APPLIED SEGREGATION.

To realize this in my own practice, under a single corporate head, we have two departments, one "Gas Operations," the other "Merchandising Operations," and for the latter have established a surplus derived from this trading and approximately equal to the value of the merchandising and coke stocks and accounts carried, thereby in effect establishing a like condition to that which would confront a separate organization purchasing the coke as manufactured and carrying on the other voluntary merchandising activities of the company.

Against this "Merchandising Operations" department of the business therefore is charged, each under its individual accounting, all the cost of coke at a price which year by year it is estimated would be the obtainable wholesale price from a contractor for the entire product in the yard.

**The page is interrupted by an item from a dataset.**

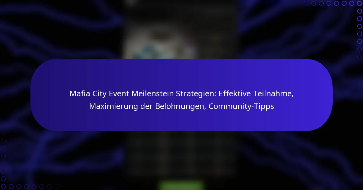 Mafia City Event Meilenstein Strategien: Effektive Teilnahme, Maximierung der Belohnungen, Community-Tipps

To that debit is added all the cost of advertising, soliciting, billing, collections, bad debts, office rent, and the multitudinous other charges that would confront the ordinary retail coal dealer. To that account is credited the value of the product sold at the selling price.

Similarly do we segregate and account for all such work as the selling of appliances of all kinds, the installation of house piping, lamp maintenance, etc., all in the same manner and to the same extent as closely as it can be segregated, as would apply if a business of selling, installing and maintaining appliances were being independently conducted. In practice this careful and complete segregation has been found to remove completely any temptation to ordinarily sell such appliances at less than a fair profit.